# [TASK OBJECTIVE]
Copy, exactly as written, the lines that begin at the one containing "关于2021年西部计划志愿者拟录取名单的公示" and end at the one containing "Fleecematerialets glatta yta". Skip any pictures in the data below.
----- PROVIDED MATERIAL -----
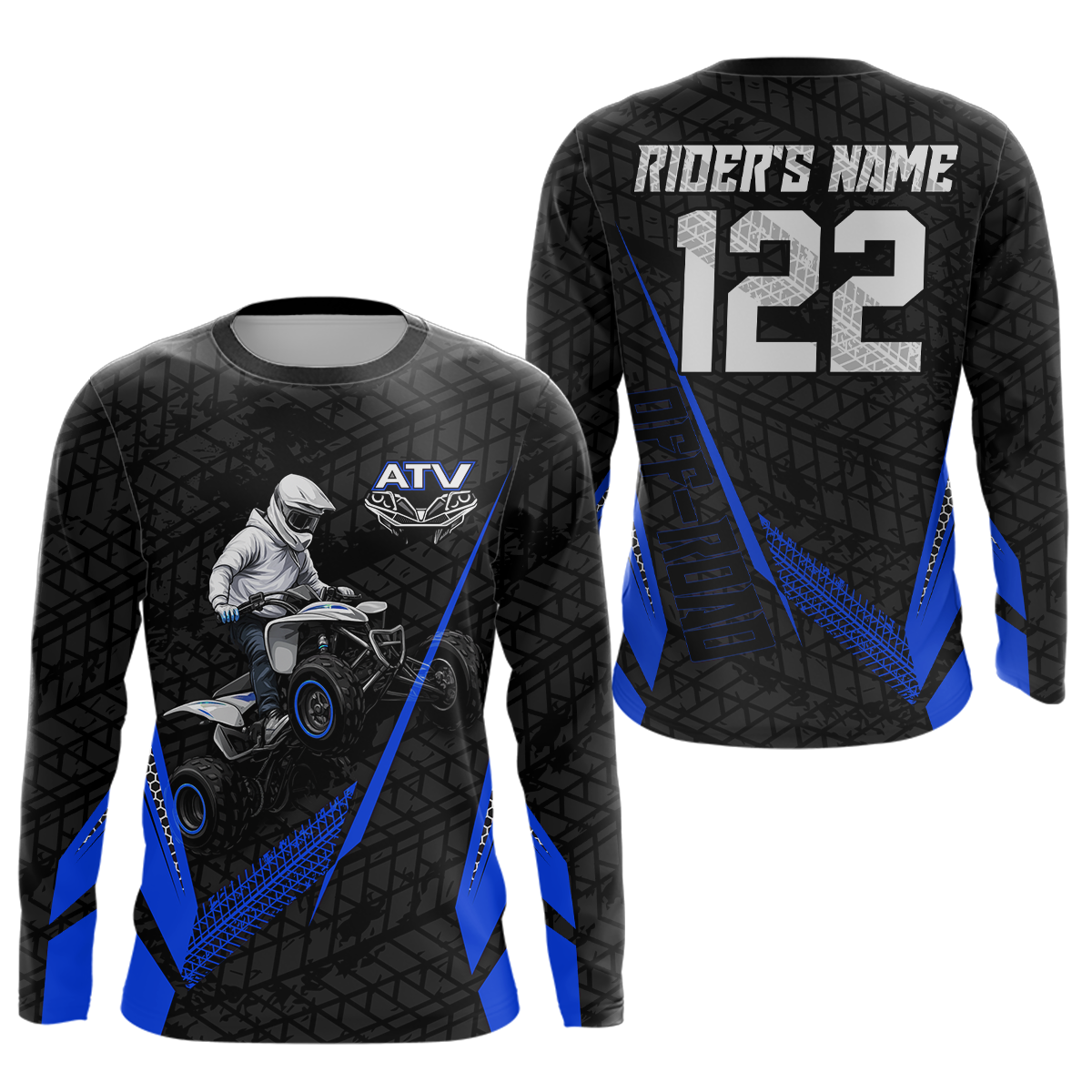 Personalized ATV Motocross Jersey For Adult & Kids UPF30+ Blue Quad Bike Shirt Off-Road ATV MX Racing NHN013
-----
----- PROVIDED MATERIAL -----
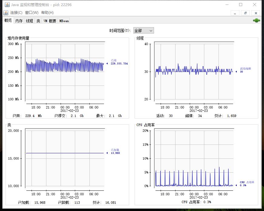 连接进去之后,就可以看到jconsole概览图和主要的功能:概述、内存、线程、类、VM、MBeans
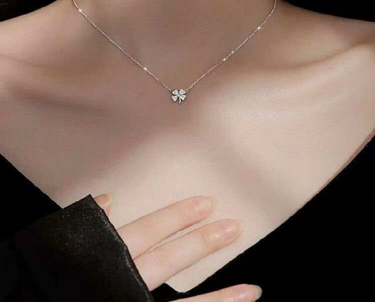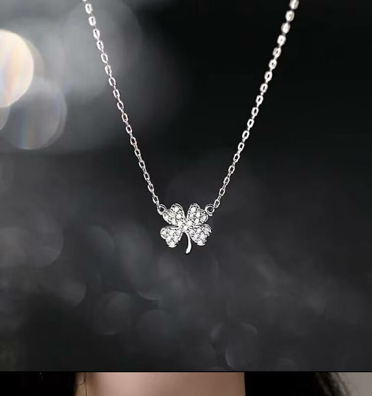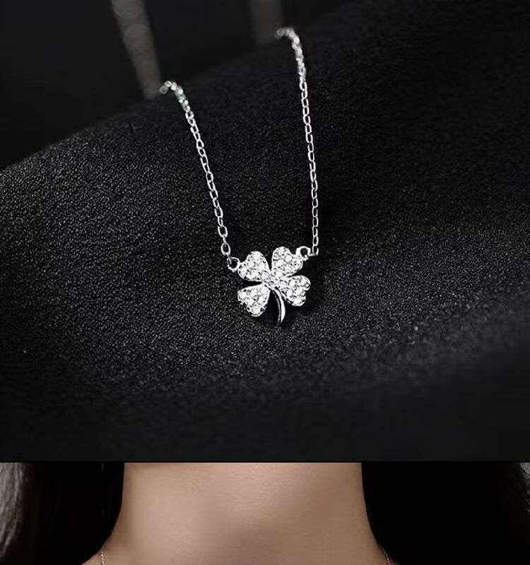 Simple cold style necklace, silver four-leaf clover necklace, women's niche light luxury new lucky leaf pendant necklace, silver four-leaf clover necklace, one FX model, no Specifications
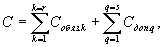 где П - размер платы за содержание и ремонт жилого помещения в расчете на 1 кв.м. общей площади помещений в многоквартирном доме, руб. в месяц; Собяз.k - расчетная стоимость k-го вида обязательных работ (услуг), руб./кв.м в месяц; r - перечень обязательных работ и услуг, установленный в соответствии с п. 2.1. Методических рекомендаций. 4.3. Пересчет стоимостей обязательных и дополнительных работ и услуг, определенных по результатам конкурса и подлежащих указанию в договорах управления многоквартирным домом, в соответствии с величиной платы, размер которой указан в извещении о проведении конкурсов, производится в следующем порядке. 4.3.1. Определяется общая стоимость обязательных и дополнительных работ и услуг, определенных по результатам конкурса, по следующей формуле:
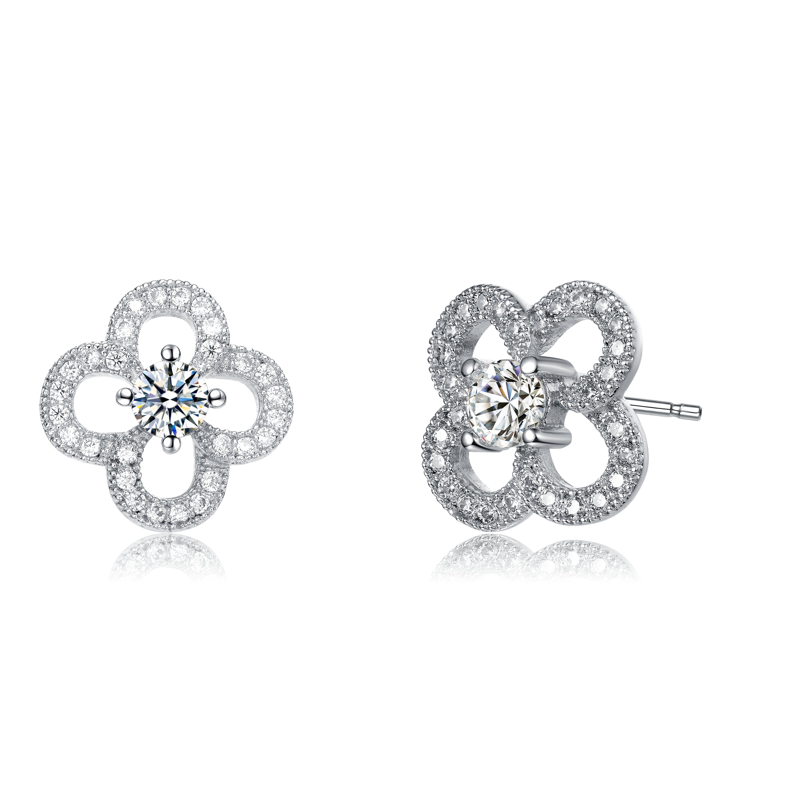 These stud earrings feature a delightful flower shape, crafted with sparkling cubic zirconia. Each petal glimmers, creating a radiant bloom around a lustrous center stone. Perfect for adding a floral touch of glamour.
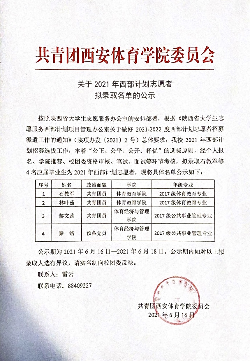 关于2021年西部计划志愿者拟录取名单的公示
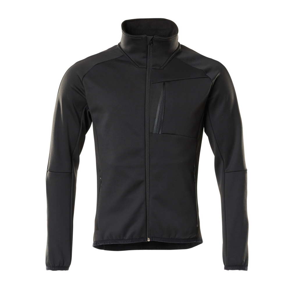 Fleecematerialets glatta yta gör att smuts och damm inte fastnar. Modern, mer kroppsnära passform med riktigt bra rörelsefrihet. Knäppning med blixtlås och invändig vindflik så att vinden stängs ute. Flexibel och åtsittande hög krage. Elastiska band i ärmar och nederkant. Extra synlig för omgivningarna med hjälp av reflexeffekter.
-----
# [RESPONSE TO THE TASK]
 关于2021年西部计划志愿者拟录取名单的公示
 Fleecematerialets glatta yta gör att smuts och damm inte fastnar. Modern, mer kroppsnära passform med riktigt bra rörelsefrihet. Knäppning med blixtlås och invändig vindflik så att vinden stängs ute. Flexibel och åtsittande hög krage. Elastiska band i ärmar och nederkant. Extra synlig för omgivningarna med hjälp av reflexeffekter.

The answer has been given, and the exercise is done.